AOS MEUS AMIGOS
AOS MEUS AMIGOS
Amigos queridos: não desejo para ninguém um tempo como o que atravesso, há muito já. Um tempo sem rosto, um tempo de pensamentos, palavras, silêncios e gestos exaustos, sempre a viverem o mesmo, a falarem do mesmo, das mesmas fantasmagorias, dos mesmos sonhos impossíveis de qualquer real, do trabalho que já não há, da família de pouca ou nenhuma solidariedade, dos joelhos tão frágeis, do amor que não tem nem jamais teve o direito de ser presença efetiva, do corpo em sempre castidade obrigatória, da fé que oscila o tempo todo entre o SIM e o NÃO.
Eu me afastei de tudo e de quase todos; eu estou, há muito, quase monja em clausura. Talvez, quando me seja facultado voltar (se ainda me for facultado voltar) ao mundo não encontre ninguém mais à minha espera, talvez não encontre mais ninguém.
Só escrevo para lhes dizer que, ainda que não me acreditem, lhes permaneço fiel, amigos. Decerto já não me pareço com aquela que vocês conheceram um dia, uma pessoa que tinha alegria, confiança, que repartia sua voz, seu canto, sua palavra, suas esperanças como se repartisse o pão de si mesma. Hoje há marcas dolorosas, cicatrizes que qualquer leve arranhão reabre e as faz de novo sangrar, tais cicatrizes. Descobri também que causei muito mal só pelo fato de existir, à vida de algumas pessoas. Descobri que meu destino importa muito pouco para o único ser que teria o dever de ajudar-me a mim e a minha mãe ( minha única família real) e isto talvez tenha sido e seja, cotidianamente, a dor mais funda e irremediável de todas.
Algumas pessoas me fazem sentir como se eu fosse uma criminosa; ainda bem que o afeto de outras neutraliza a energia pesada que me vem daqueles desafetos. Não sei de crimes meus mas sei, e como, de erros graves, omissões, fracassos, renúncias... e culpas.
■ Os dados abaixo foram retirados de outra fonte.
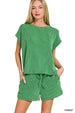 The raised rib cap sleeve top and shorts set offers a stylish and coordinated look for warm weather. The raised rib detailing adds texture and interest to the outfit. The cap sleeves provide a flattering and breezy silhouette for the top. Perfect for lounging or casual outings, this set combines comfort and fashion effortlessly. Stay chic and comfortable with this trendy matching set.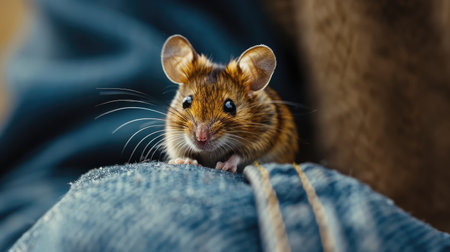 A small rodent with its whiskers twitching sits comfortably on the leg of a person, forming an unlikely bond.
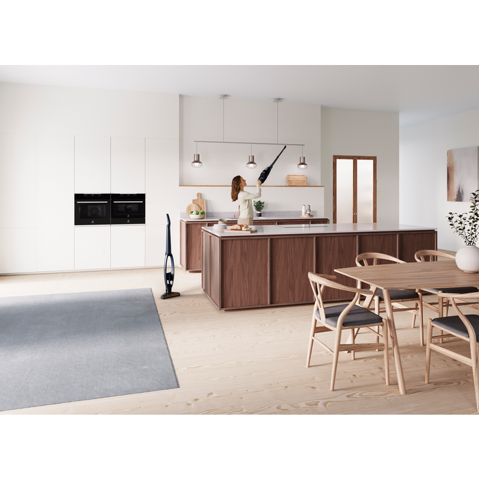 Bezvadu putekļu sūcējs Well Q7 ar ērtu noņemamu rokas putekļu sūcēju un piederumiem , kas ļauj ātri pāriet no grīdas tīrīšanas uz grūti sasniedzamām vietām un otrādi

Estou escrevendo tudo isso não sei bem porquê. Talvez por hoje estar particularmente aflita já que há uma amiga querida ( sei que há vários mais amigos também) que não se conforma com o meu silêncio e hoje me "assediou" deveras. Ela é muito jovem e não pode, graças a Deus, compreender o que é sentir em si a falência do próprio ser e da própria vida pessoal, a falência da coragem e da vontade, o ter que guardar para si segredos de Outra Natureza, segredos que nem psicanalistas nem psiquiatras poderiam efetivamente compreender e, por esta razão, me poderiam imputar o título de louca sem remissão ou então eu teria que passar, de novo, pela experiência de ser recusada para tratamento porque "como alguém com uma linguagem tão articulada pode estar tão desarticulada quanto se diz?" Parece incrível, mas isso já tive que ouvir, de um especialista. Alguém poderia sugerir: "Por que você não tenta um tratamento espiritual?" Se alguém sugerir tal, até lhe dou razão mas, também resisto a isto, este é um dos temas dos quais não consigo nem posso falar. Outros dirão: "Neste caso, o seu presente "discurso" é um discurso sem saída, só de impasses. Se é assim, por que fazê-lo?" Quem assim pensar, tem toda razão. Realmente, se faço esse discurso "fechado" a conselhos, por que fazê-lo? Talvez para repartir-me, na alguma lucidez que ainda me resta; talvez apenas por isso e isso já é muito. Peço-lhes alguma paciência.
É parar por aqui que, em verdade, ninguém, amigos nem conhecidos têm que perder tempo lendo estas coisas. Deve haver algum caminho ainda, escondido entre os escombros, ou no fundo do meu mar, ou em alguma estrela a persistir, ainda e invisível, em algum céu de mim.
Escrito "de primeira", nesta noite de 18 de outubro de 2010.